As a consequence of the degraded citizenship, democracy is a hollow illusion, an ideological alibi for the status quo. Voting is a mere expression of nationalism as opposed to a true political choice. And a “conservative mood” overtakes intellectuals who are disillusioned by the failure of liberalism to preserve a thinking public. At the heart of this mood “there is a knowledge of powerlessness without poignancy, and a feeling of pseudo-power based on mere smugness. By its softening of political will, this mood enables men to accept public depravity without any private sense of outrage, and to give up the central goal of western humanism — the presumptuous control by reason of man’s fate.” The word smugness serves as a trigger for me, and it makes me want to link this conservative mood with today’s hipsters, as per the previous post. The problem with hipsters is not their fashion-following phoniness; it’s their smug abdication of responsibility in favor of an egocentric apathy. Hipsters are conservatives posturing as progressives, often professing to be liberals while their practice refutes the claim. Mills’s description of the 1950s conservative mood suits hipsterism to a tee:

it is not a snobbery linked with nostalgia, but on the contrary, with what is just one-step-ahead-of-the-very-latest-thing, which is to say that it is a snobbery based not on tradition but on fashion and fad. Those involved are not thinking for a nation, or even about a nation; they are thinking of and for themselves. In self-selected coteries, they confirm one another’s mood, which thus becomes snobbishly closed — and quite out of the main stream of the practice of decision and the reality of power.

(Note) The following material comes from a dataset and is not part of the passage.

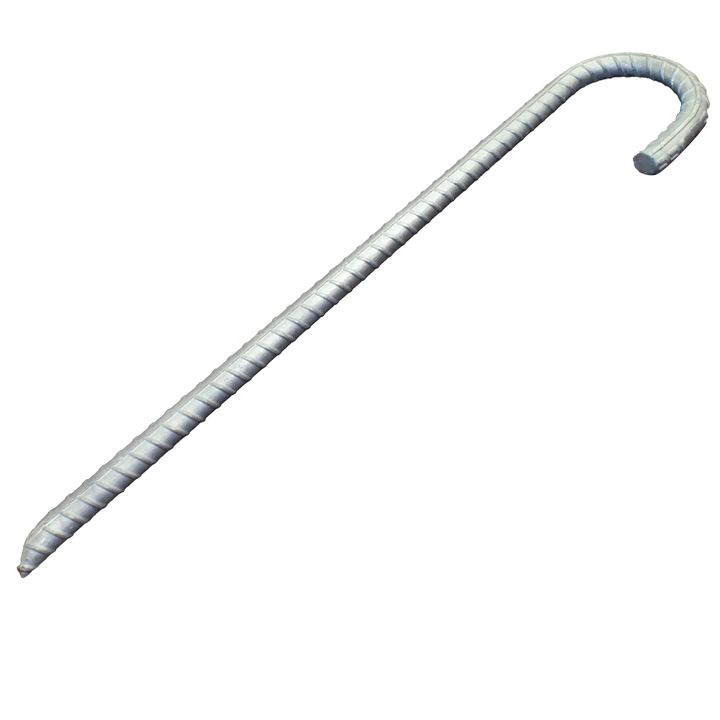 Secure shelters in any terrain with these 36cm heavy-duty ground pegs. 12mm steel, ribbed grip & 5cm hook for unbeatable stability.

(This reminds me of my own indifference to the business world when I was a graduate student, and thought I was well informed on everything important — you know, semiotic theories of gender and decentered subjectivities in 18th century novels and that sort of thing. My arguments about these subjects with my peers were so vital. Mills saw the conservative mood as facilitating “historical development without benefit of idea.” This is the sense, perhaps, in which hipsterism is the dead end of Western civilization. Mills’s book is useful for linking hipsters to the larger problem of the meaningless political sphere, which seems to have spawned them. But it doesn’t shed much light on how to reinvigorate political involvement, how to make the basic acts of citizenship in a democracy not seem trivial or merely self-referential. Could “youth” culture — in reality the culture of grown adults who can affect the structures of society in a meaningful way — form for itself a politically literate, unified, and efficacious sphere of action? Is there anything else to do but resist what is currently dominant, or does any positive action stand only to be co-opted and reassimilated by the forces of conservative “smugness”?

The relation between hipsterism and conservatism-in-effect apathy makes it almost ironic that McCain’s campaign is trying to paint Obama as a kind of king of the hipsters. Andrew Sullivan makes the obvious point that this is no substitute for actually crafting policy positions (the Republicans are the dead end of Western Civilization). But this of course makes them the natural allies of hipsters, who also stand for nothing. These attacks are just another feat of projection, as when McCain plays the race card by accusing Obama of playing it.